Kennen tue ich es, da es meine Universität für eine Prüfung benutzen möchte. Die Software selbst soll als Addon für alle Chromium basierten Browser auf den Rechner des Prüflings kommen.
Zum Bias kommen wir noch.
Erstmal sollten wir klären, was das Addon überhaupt macht:
Um Betrugsversuche zu verhindern, so meine Universität, sammelt das Addon folgende Daten um sie mit einer KI auszuwerten:
Mikrofon und Webcam.
Physikalischer Standort und Identität.
Browsergröße, -Tabs und -Fenster.
Kopf-, Augen- und Mundbewegung.
Offene Anwendungen und Bildschirm.
Prüfungsumgebung und Anzahl der Bildschirme.
Zudem wird…
… Vollbildmodus forcieren,
… Zwischenablage geleert und deaktiviert und
… Browser-Cache gelösch.
Mir erscheint allerdings problematisch, dass das genannte, wie das Standardrepertiores eines Trojanerbaukastens klingt.
Weiteres Trojaner ähnliches verhalten: Das Addon Telefonieren auch nach Hause wenn gar keine Klausur läuft, wie sich mit Wireshark ergibt. Den Mitschnitt gibt es hier.
Auch wenn ich während der Aufnahme nicht auf der Proctorio Seite war, lässt sich die IP im Mitschnitt finden:
$ dig proctorio.com +short @8.8.4.4
104.18.204.19
104.18.203.19
Filter:
ip.addr == 104.18.204.19 || ip.addr == 104.18.203.19
.
Und wie jeder gute Trojaner, wird das Debuggen verhindert. Möchte man das Addon im Chrome debuggen wird man stattdessen auf folgende, nicht gerade aussagekräftige, Seite geleitet und das Addon entfernt sich selbst.
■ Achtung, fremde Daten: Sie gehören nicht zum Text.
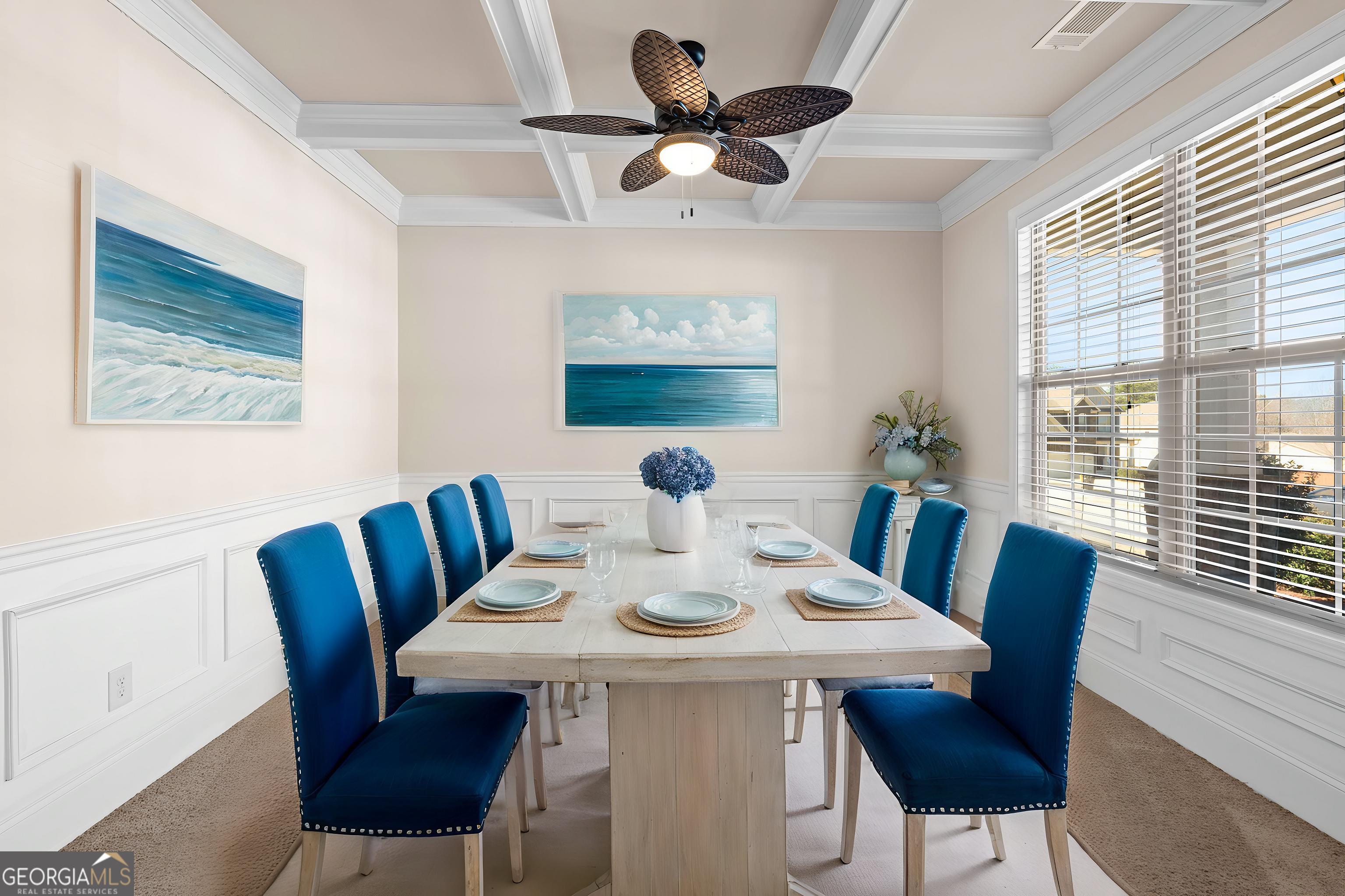 Discover the perfect blend of space, comfort, and convenience at 157 Westminster Way in Newnan. This beautifully designed two-story home features 5 bedrooms and 2.5 bathrooms and has been freshly painted, offering a clean, updated feel that is truly move-in ready. The open-concept main level is designed for modern living, highlighted by a spacious kitchen with granite countertops, a large island with bar seating, and a seamless flow into the family room-complete with a cozy fireplace overlooking the kitchen, perfect for gatherings and everyday comfort. A formal dining room or flex space with a coffered ceiling adds an elegant touch for hosting or additional living needs. The main-level primary suite provides a private retreat, featuring a double vanity, walk-in closet, and plenty of space to unwind. Upstairs, you'll find generously sized secondary bedrooms along with a versatile loft, ideal for a media room, home office, or play area. With abundant storage throughout, this home is built to keep everything organized and functional. Step outside to enjoy a backyard that backs up to peaceful green space, offering added privacy and a serene setting, along with a charming front porch perfect for relaxing mornings or evenings. The home also includes a 2-car garage and comes complete with all appliances, making it truly turnkey. One of the home's biggest advantages is its prime location for commuters and frequent travelers-just a short drive to Hartsfield-Jackson Atlanta International Airport, approximately 30-40 minutes in light traffic, making business trips, vacations, and daily commuting incredibly convenient. With easy access to I-85, as well as nearby shopping and dining, this location offers both connectivity and everyday convenience. With its thoughtful upgrades, spacious design, and unbeatable location, this home offers the lifestyle today's buyers are looking for.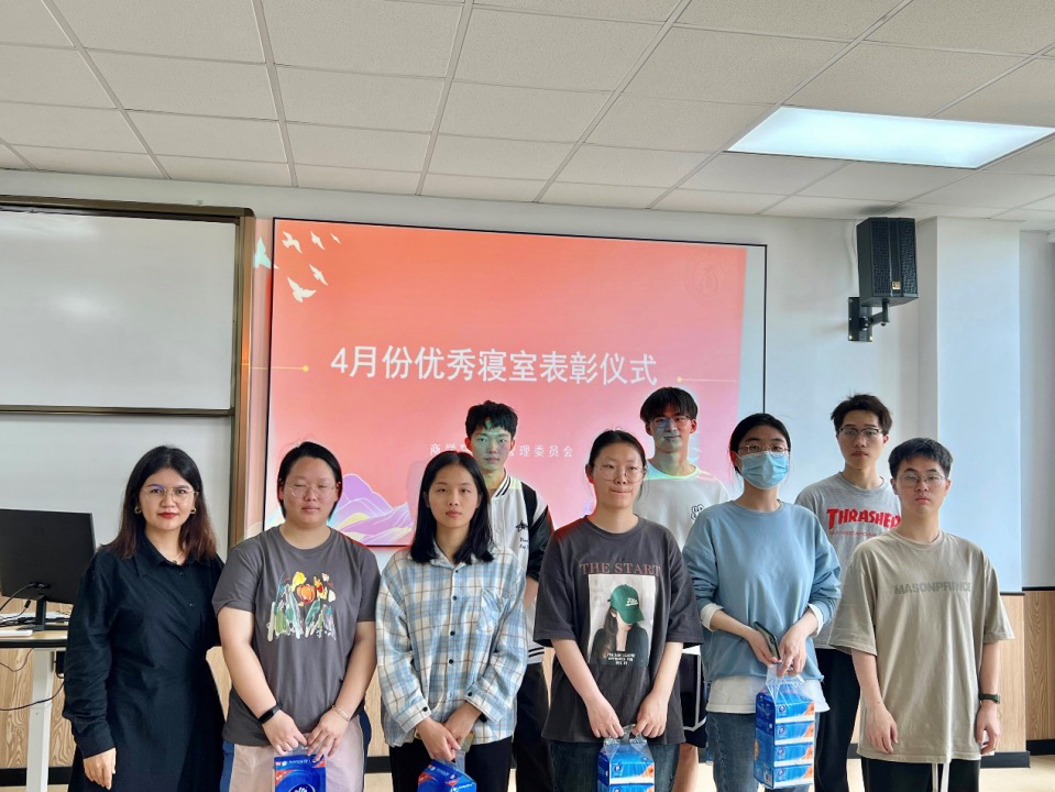良好的寝室环境不仅需要寝室成员的自觉维护,也少不了班级生活委员的督促作用,此次大会上也为寝室合格率为100%的班级生活委员分发奖品,对生活委员的努力付出表达充分肯定。随后麦尔阿巴老师与优秀生活委员代表合影留念。
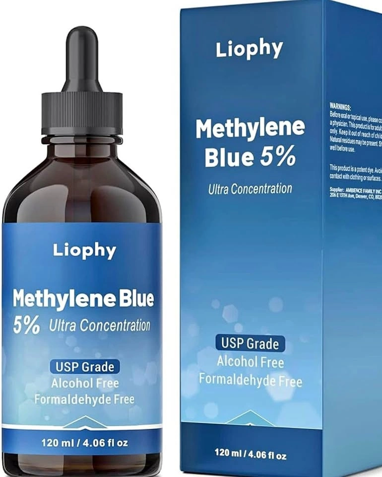 Pharmaceutical Grade Purity – Methylene Blue drops made with 99.99% pure methylene blue for humans, formulated with USP grade quality. High 5% Concentration – Potent 5% strength means fewer drops per use compared to lower-dose options, delivering more value from every 120 mL bottle. Simple & Clean Formula – Only methylene blue and distilled water, no fillers or unnecessary additives, ideal for daily wellness routines. Dark Glass Bottle with Dropper – Amber-style glass packaging reduces light exposure while the precision dropper ensures accurate and consistent dosing. Supports Active Lifestyles – Designed for students, professionals, and older adults seeking reliable, Methylene Blue Drops for daily support.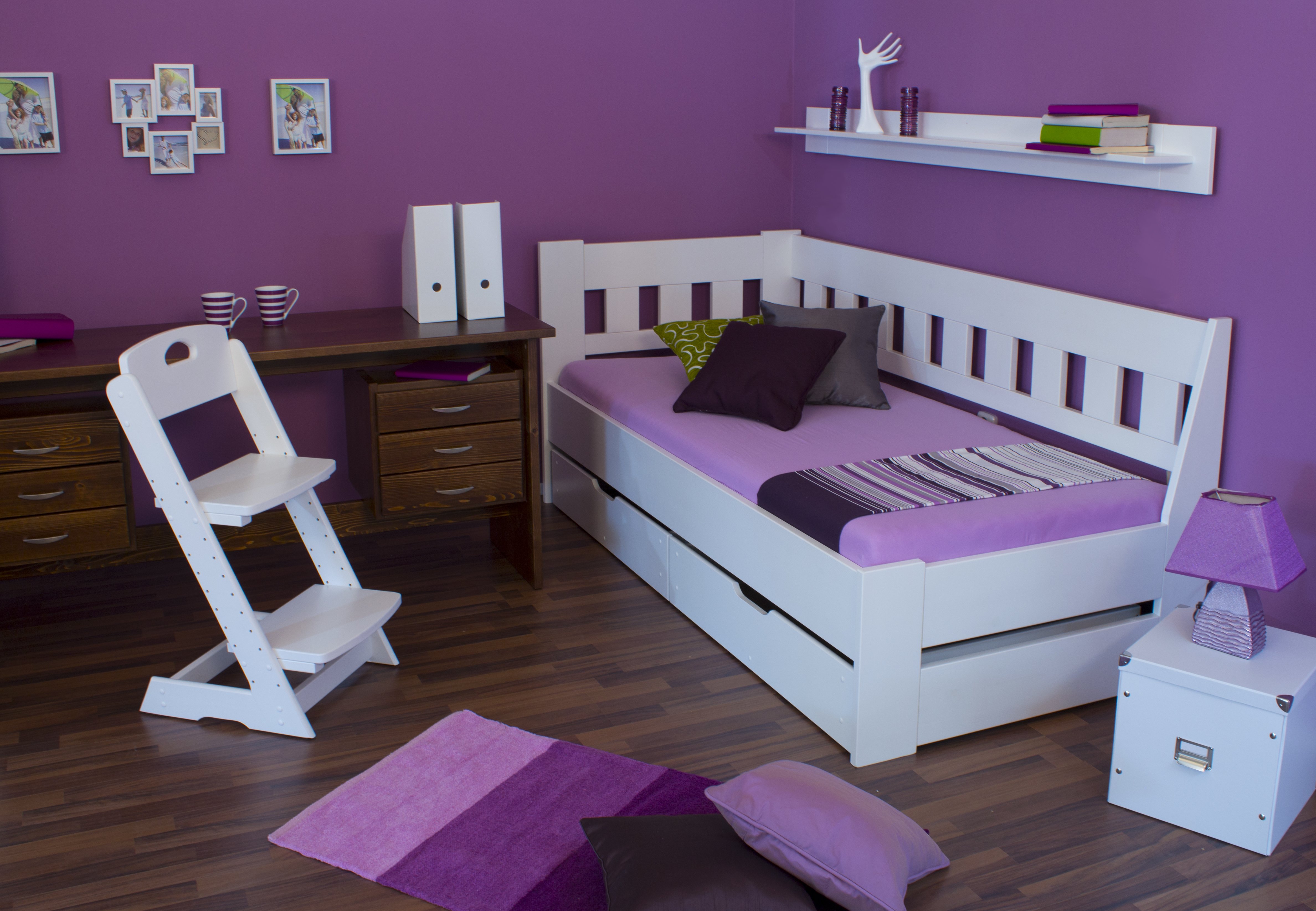 Základní EKOlak s UV filtrem je možné nahradit mořeným povrchem dle odstínu v tomto odkazu. Barevné sladění jednolůžkové postele s dalšími kusy nábytku je tak snadné a postel nám tak lépe zapadne a stane se tak příjemným doplněním interiéru ložnic a dětských pokojů.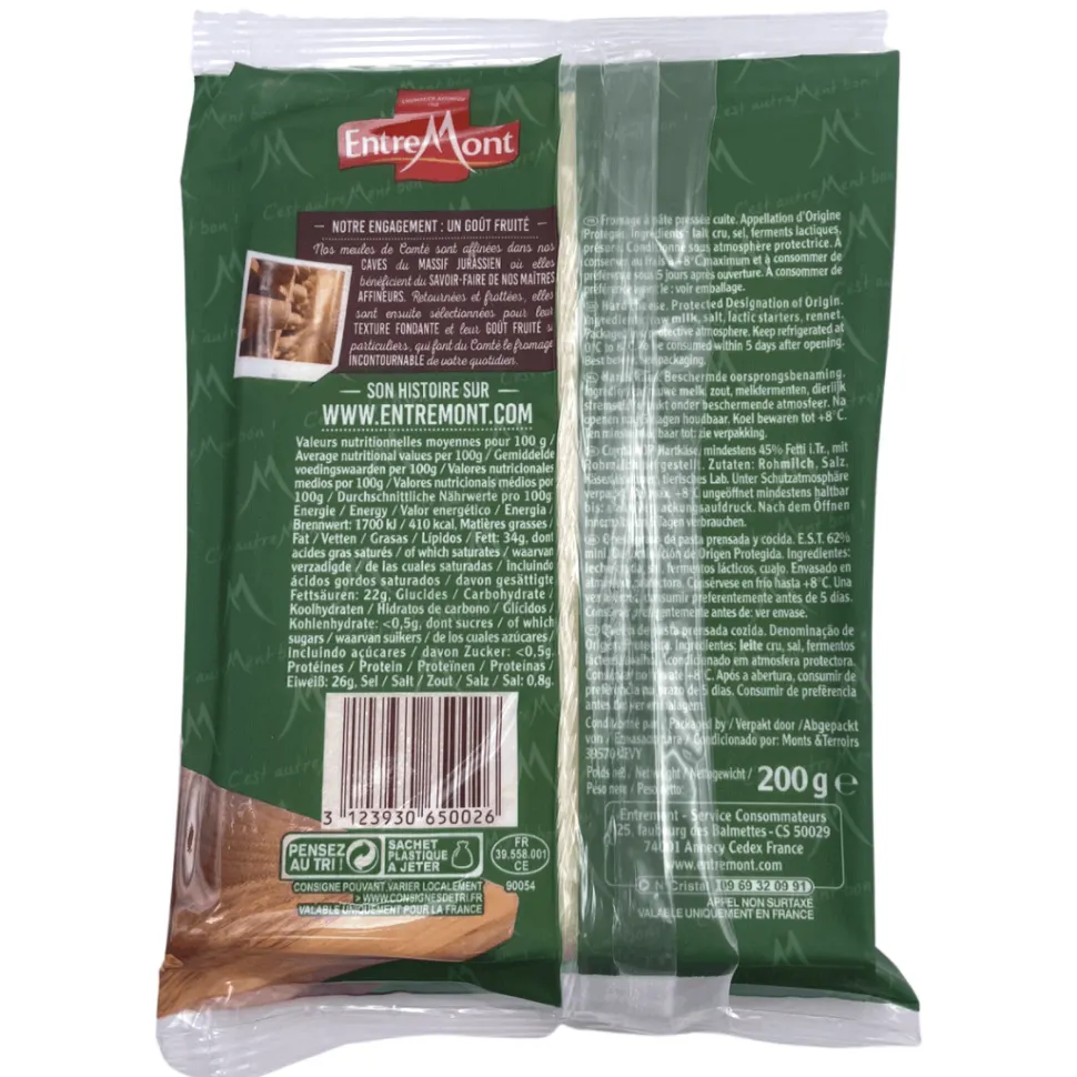 Weighing 200g, this block of Comté cheese is suitable for freezing.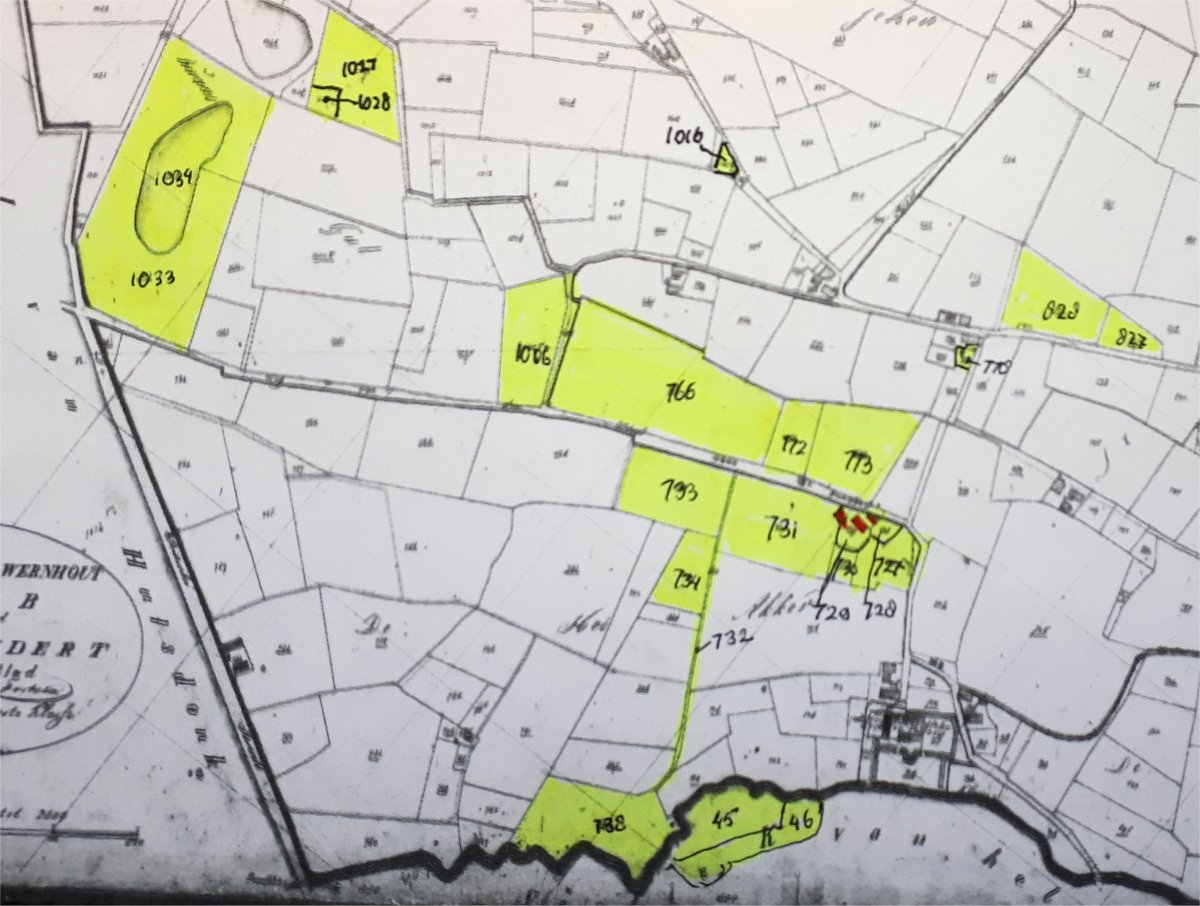 de geel gekleurde percelen waren in bezit van de familie Pellis-Vriends-De Bruijn).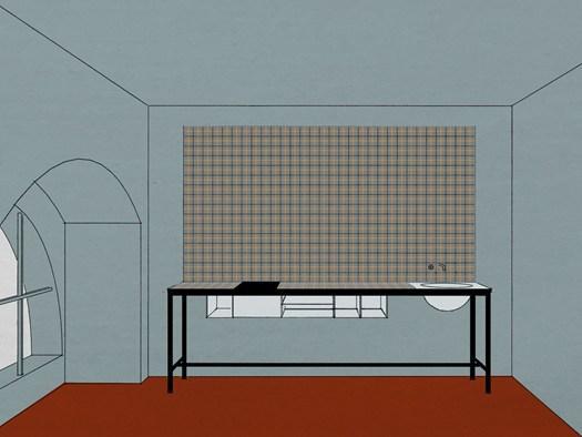 Элиза Оссино применяет терракотовую плитку с ручной текстурой и расписанные вручную обои.

Die Domain ist ja fast so schlecht wie oshgnacknak.de
Meine IP geht übrigens noch:
$ ping 127.0.0.1 PING 127.0.0.1 (127.0.0.1) 56(84) bytes of data. 64 Bytes von 127.0.0.1: icmp_seq=1 ttl=64 Zeit=0.073 ms 64 Bytes von 127.0.0.1: icmp_seq=2 ttl=64 Zeit=0.065 ms
Trojanerbingo: Bald ist die Diagonale voll.
Nun zum Debugger freischalten: In der manifest.json
gibt
es den Eintrag "devtools_page": "assets/YrEf.html"
. Wenn
man die dort genannte Datei öffnet kann man einen Skript-Tag
auskommentieren um das Addon im Debugger zu betrachten.
<html><head></head><body>
<!-- <script src="k7Wq.js"></script> -->
</body></html>
Es ergibt sich, Google-Analytics ist auch mit dabei. Das kenn ich von Trojanern zwar nicht aber egal.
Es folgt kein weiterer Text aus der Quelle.